You can install with:
```bash
pip install autogluon.assistant
```
You can also install from source:
```bash
git clone https://github.com/autogluon/autogluon-assistant.git
cd autogluon-assistant && pip install -e "."
```
#### Beta Features
AG-A now supports automatic feature generation as part of its beta features. To enable these features, please install the beta version dependencies using the following command:
```bash
pip install -r requirements.txt
```
### API Keys
#### Configuring LLMs
AG-A supports using both AWS Bedrock and OpenAI as LLM model providers. You will need to set up API keys for the respective provider you choose. By default, AG-A uses AWS Bedrock for its language models.
#### AWS Bedrock Setup
AG-A integrates with AWS Bedrock by default.
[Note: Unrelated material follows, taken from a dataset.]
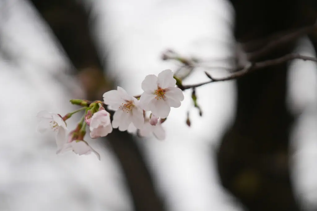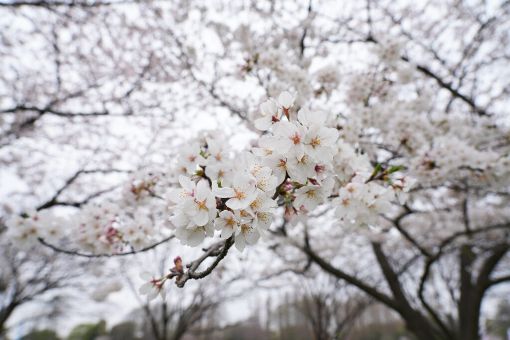 ソメイヨシノの花の色は、よく観察しているとわかりますが、実は変化します。つぼみはピンク色、咲き始めの花びらは真っ白に近いですが、徐々に花の中心部が赤くなっていきます。中心部かかなり赤くなると、散り始めのサインとも言えます。
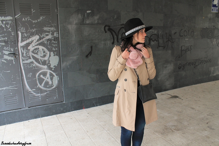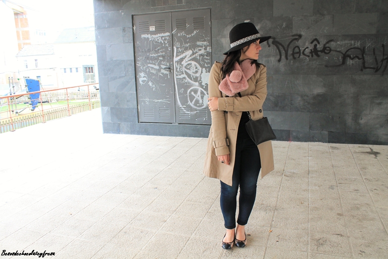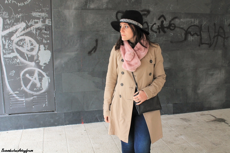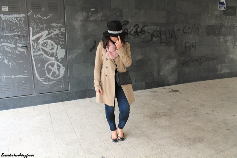 This time I decided to wear it with a basic look and neutral colors such as trench, black sweater, jeans, Chanel dancers, shoulder bag and black hat. What do you think?

To use AWS Bedrock, you will need to configure your AWS credentials and region settings:
```bash
export AWS_DEFAULT_REGION=""
export AWS_ACCESS_KEY_ID=""
export AWS_SECRET_ACCESS_KEY=""
```
Ensure you have an active AWS account and appropriate permissions set up for using Bedrock models. You can manage your AWS credentials through the AWS Management Console. See [Bedrock supported AWS regions](https://docs.aws.amazon.com/bedrock/latest/userguide/bedrock-regions.html)
#### OpenAI Setup
To use OpenAI, you'll need to set your OpenAI API key as an environment variable:
```bash
export OPENAI_API_KEY="sk-..."
```
You can sign up for an OpenAI account [here](https://platform.openai.com/) and manage your API keys [here](https://platform.openai.com/account/api-keys).
Important: Free-tier OpenAI accounts may be subject to rate limits, which could affect AG-A's performance. We recommend using a paid OpenAI API key for seamless functionality.
#### Azure OpenAI Setup
To use Azure OpenAI, you'll need to set the following Azure OpenAI values, as environment variables:
```bash
export AZURE_OPENAI_API_KEY=<...>
export OPENAI_API_VERSION=<...>
export AZURE_OPENAI_ENDPOINT=<...>
```
## Usage
We support two ways of using AutoGluon Assistant: WebUI and CLI.
### Web UI
AutoGluon Assistant Web UI allows users to leverage the capabilities of AG-A through an intuitive web interface.
The web UI enables users to upload datasets, configure AG-A runs with customized settings, preview data, monitor execution progress, view and download results, and supports secure, isolated sessions for concurrent users.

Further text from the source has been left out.